## Records shown
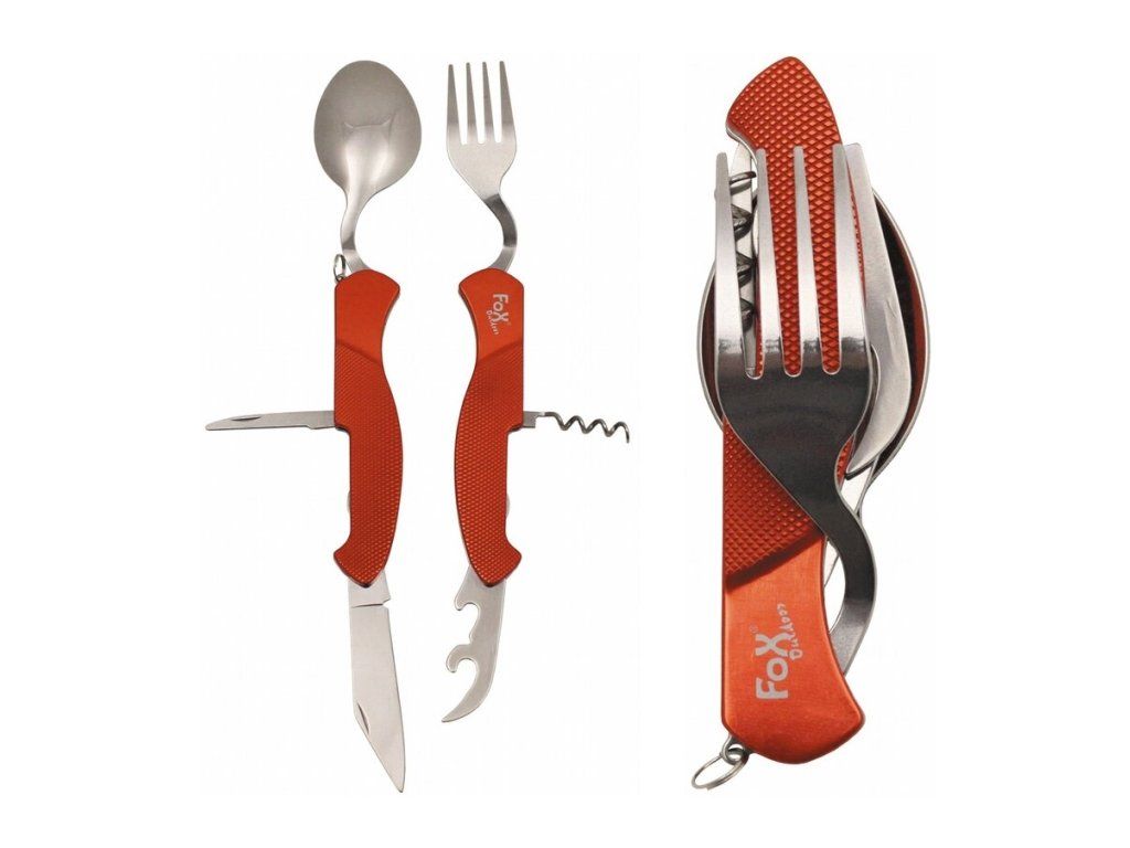 Vreckový príbor rozkladací 6 v 1 oranžový (873411)
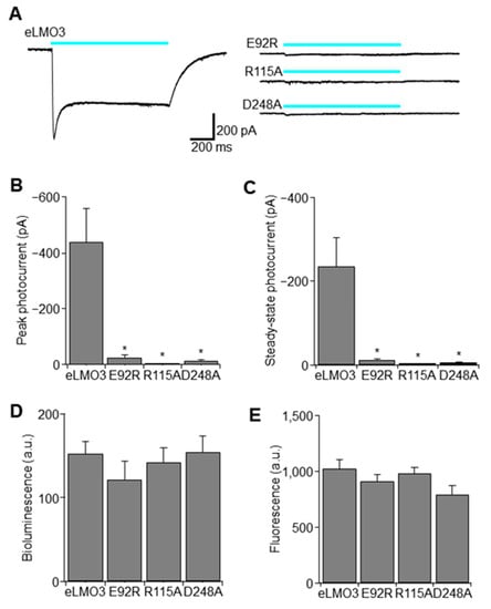 Mutant luminopsins with negligible photocurrent without altering expression levels. (A) Representative photocurrent traces to photostimulation (cyan bars) obtained from (HEK) 293FT cells expressing a different luminopsin indicated. The scale bars apply to all the traces. (B) Peak photocurrent. Asterisks (*) indicate significant differences from the wildtype eLMO3 (see text). Error bars indicate SEM in this and subsequent figures. N = 6 cells each. (C) Steady-state current measured in the period where photocurrent was inactivated during photostimulation. Asterisks indicate significant differences from the wildtype eLMO3 (see text). (D) Bioluminescence measured with 50 µM CTZ using a plate reader. N = 22, 11, 12, and 12 wells, respectively. (E) Fluorescence measured using a YFP filter cube. N = 24, 12, 12, and 12 wells, respectively.
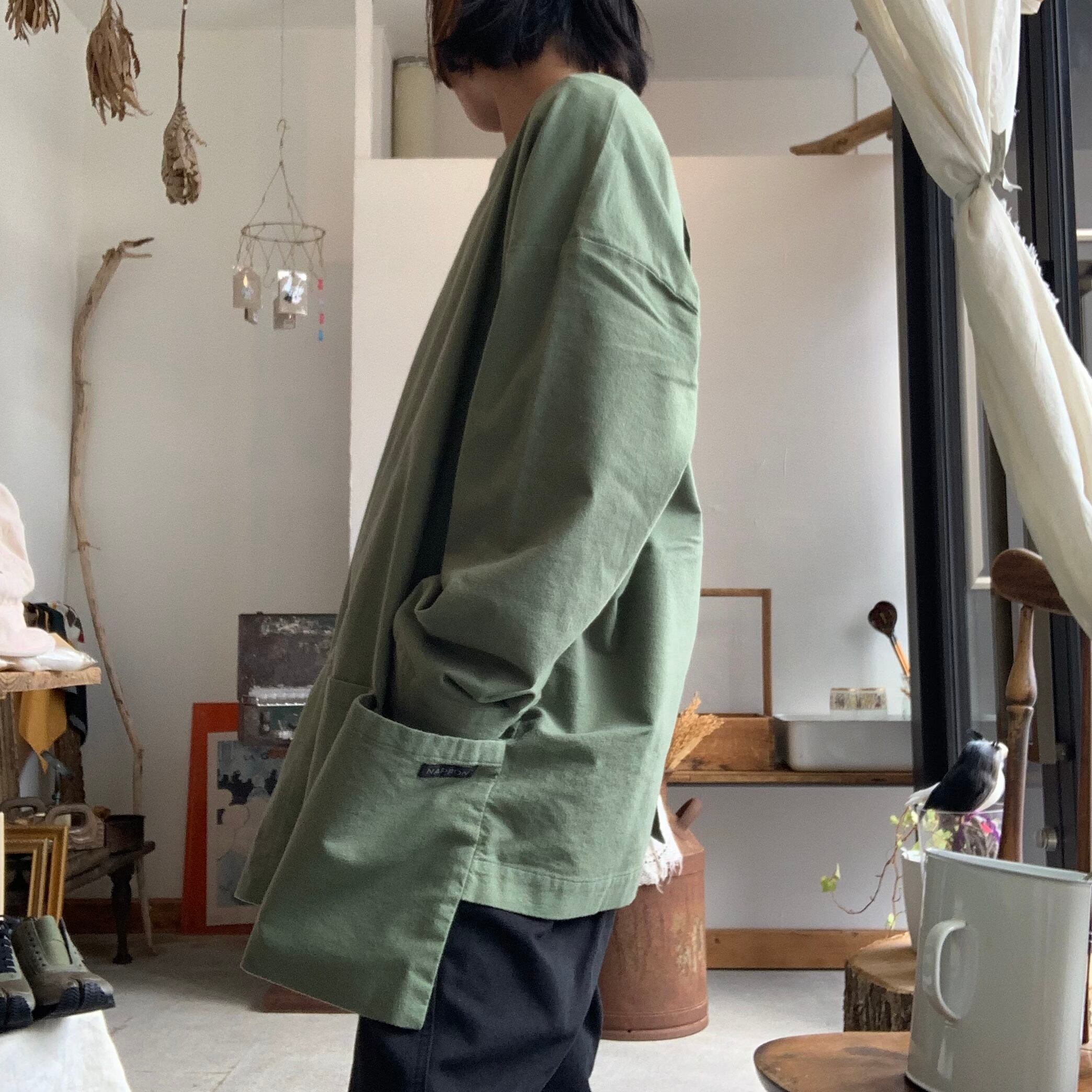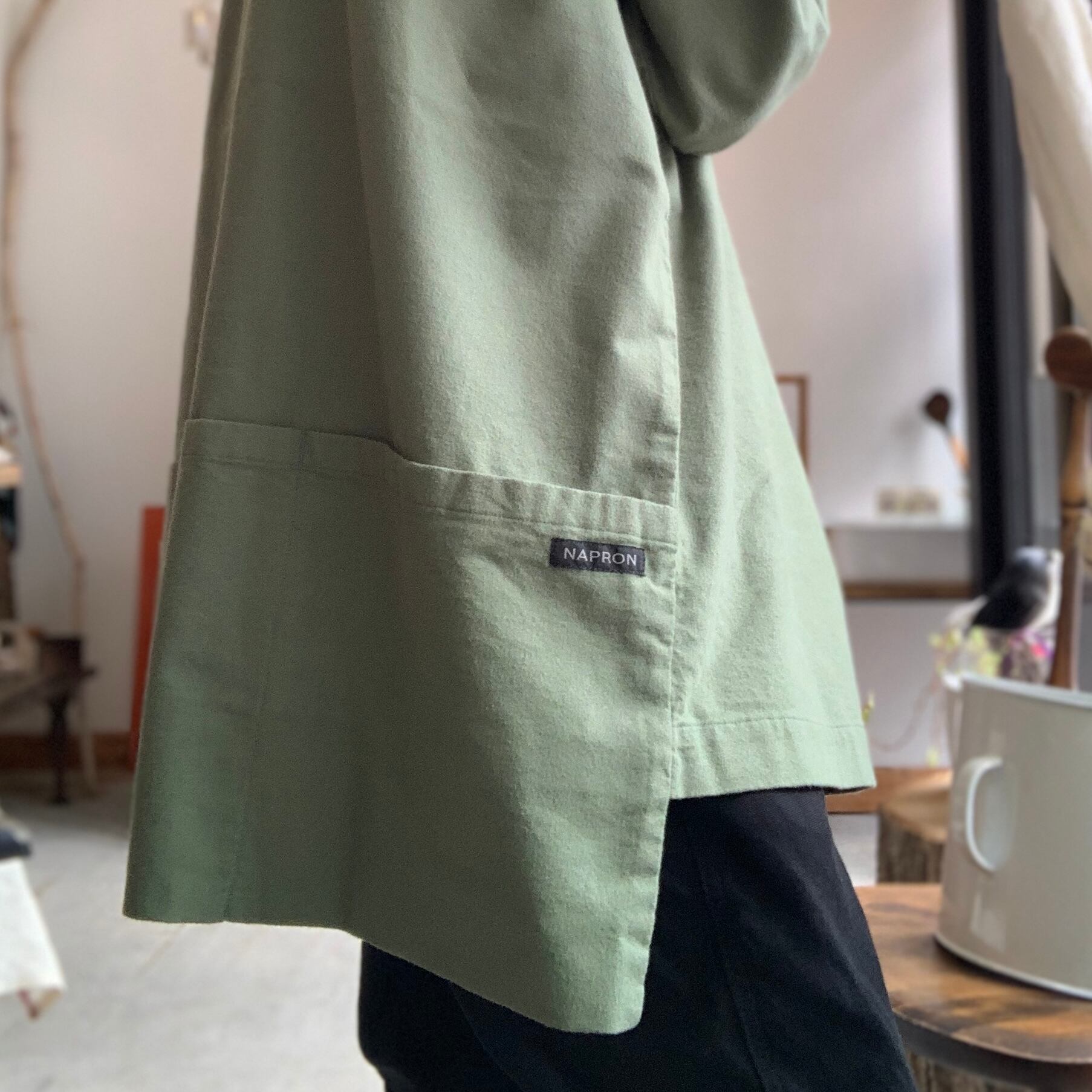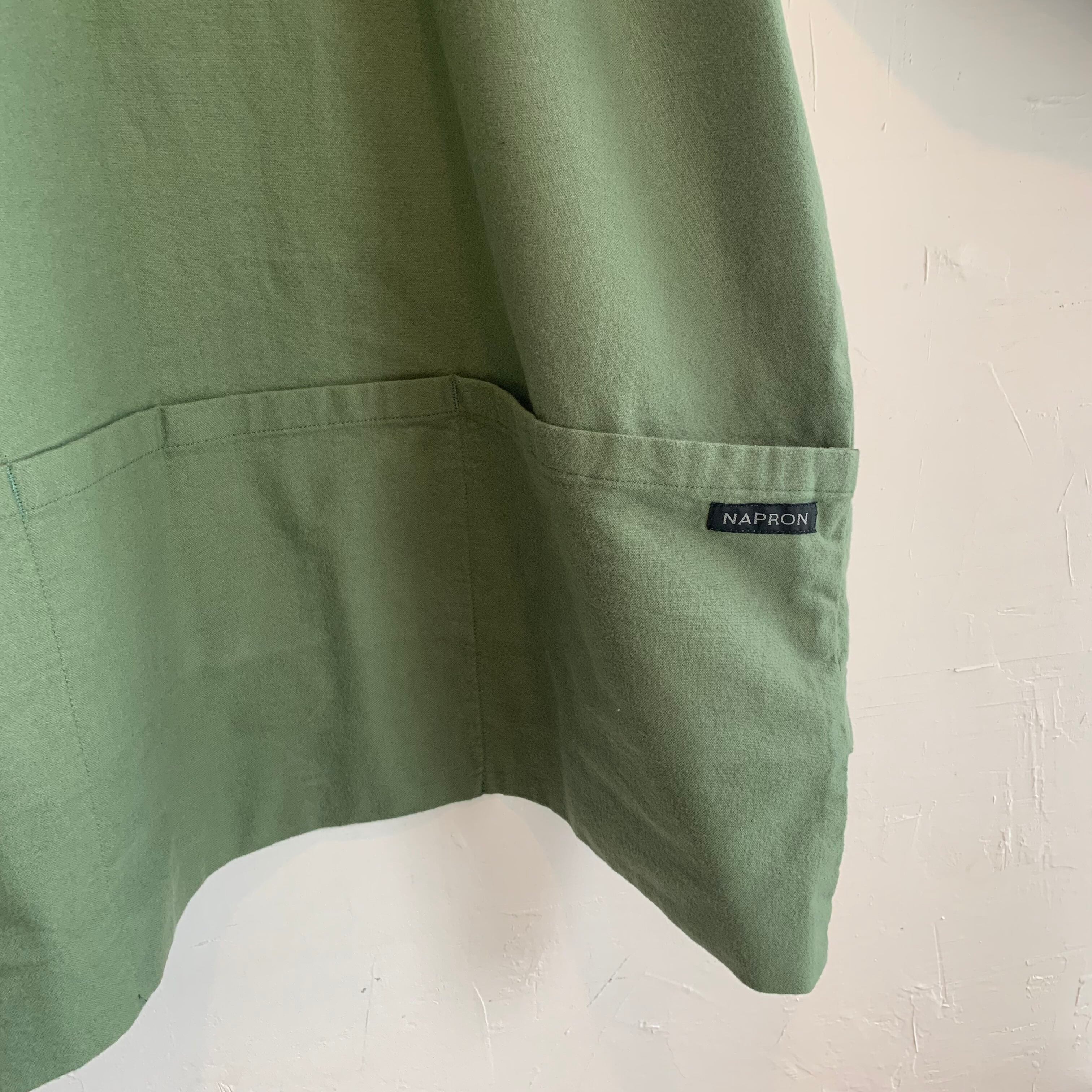 フロントに大きなエプロンポケットを配置したエプロンシャツです。
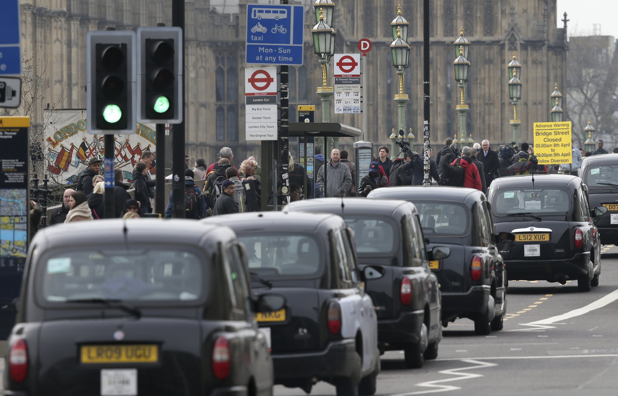 Black cabs cross Westminster Bridge after it was reopened to the public Thursday, March 23, 2017, following an attack on Wednesday when a man drove a car into pedestrians then stabbed a police officer to death before being fatally shot by police within Parliament’s grounds. The IS-linked Aamaq news agency said Thursday that the person who carried out the “attack in front of the British parliament in London was a soldier of the Islamic State.” (AP Photo/Tim Ireland)
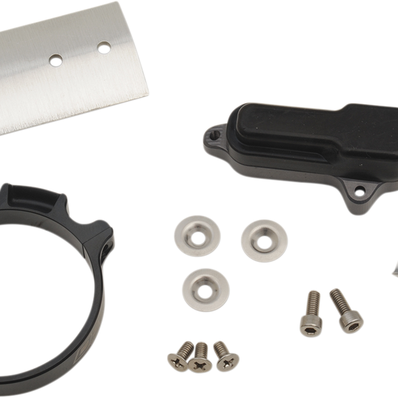 Caracteristicas: Built from 7000 Series aerospace-grade billet aluminum Two-piece system installs without removing fork from bike Sleek design allows the hook to easily glide into receiver for secure engagement No protruding buttons or levers so system won't catch on anything during close contact racing Form-fitting aluminum fork guard drill jig for maximum accuracy Countersinking tool included Lightweight at only 2.4 ounces Made in the U.S.A.

## What you should do
Your task is to return the lines above, from the first one up to and including the line containing "フロントに大きなエプロンポケットを配置したエプロンシャツです。", minus any pictures.

## Written answer
 Vreckový príbor rozkladací 6 v 1 oranžový (873411)
 Mutant luminopsins with negligible photocurrent without altering expression levels. (A) Representative photocurrent traces to photostimulation (cyan bars) obtained from (HEK) 293FT cells expressing a different luminopsin indicated. The scale bars apply to all the traces. (B) Peak photocurrent. Asterisks (*) indicate significant differences from the wildtype eLMO3 (see text). Error bars indicate SEM in this and subsequent figures. N = 6 cells each. (C) Steady-state current measured in the period where photocurrent was inactivated during photostimulation. Asterisks indicate significant differences from the wildtype eLMO3 (see text). (D) Bioluminescence measured with 50 µM CTZ using a plate reader. N = 22, 11, 12, and 12 wells, respectively. (E) Fluorescence measured using a YFP filter cube. N = 24, 12, 12, and 12 wells, respectively.
 フロントに大きなエプロンポケットを配置したエプロンシャツです。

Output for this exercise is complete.